Applications normally ask for filesystems from the shared cache, via FileSystem.get()
or Path.getFileSystem()
. The cache, FileSystem.CACHE
will, for each user, cachec one instance of a filesystem for a given URI. All calls to FileSystem.get
for a cached FS for a URI such as s3a://landsat-pds/
will return that singe single instance.
FileSystem instances are created on-demand for the cache, and will be done in each thread which requests an instance. This is done outside of any synchronisation block. Once a task has an initialized FileSystem instance, it will, in a synchronized block add it to the cache. If it turns out that the cache now already has an instance for that URI, it will revert the cached copy to it, and close the FS instance it has just created.

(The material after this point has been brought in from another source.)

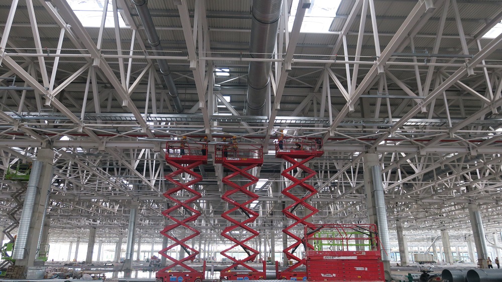 在建工安裝合肥經(jīng)開(kāi)區(qū)臨湖智能制造產(chǎn)業(yè)園項(xiàng)目現(xiàn)場(chǎng),項(xiàng)目部管理人員及水電班組、通風(fēng)班組、消防班組、虹吸雨水班組施工人員夜以繼日加班加點(diǎn)搶抓進(jìn)度。30名項(xiàng)目管理人員,226名施工人員,96輛登高機(jī)械,采取“白加黑” 、“5+2”模式施工作業(yè),確保各區(qū)域各專(zhuān)業(yè)施工生產(chǎn)穩(wěn)步推進(jìn)。 目前正在進(jìn)行車(chē)間一通風(fēng)系統(tǒng)、雨水系統(tǒng)、消防系統(tǒng),壓縮空氣與循環(huán)水系統(tǒng)等安裝作業(yè),站房一同步開(kāi)展管線預(yù)埋與預(yù)制工作。本周已完成車(chē)間一風(fēng)管安裝約4200平方米,雨水管道安裝約1100米,消防管道安裝約590米,橋架安裝約600米。

If a FileSystem takes time to be initialized, and many threads are trying to retrieve a FileSystem instance for the same S3 bucket in parallel, All but one of the threads will be doing useless work, and may unintentionally be creating lock contention on shared objects.
There is an option, fs.creation.parallel.count
, which uses a semaphore to limit the number of FS instances which may be created in parallel.
Setting this to a low number will reduce the amount of wasted work, at the expense of limiting the number of FileSystem clients which can be created simultaneously for different object stores/distributed filesystems.
For example, a value of four would put an upper limit on the number of wasted instantiations of a connector for the s3a://landsat-pds/
bucket.
<property> <name>fs.creation.parallel.count</name> <value>4</value> </property>
It would also mean that if four threads were in the process of creating such connectors, all threads trying to create connectors for other buckets, would end up blocking too.
Consider experimenting with this when running applications where many threads may try to simultaneously interact with the same slow-to-initialize object stores.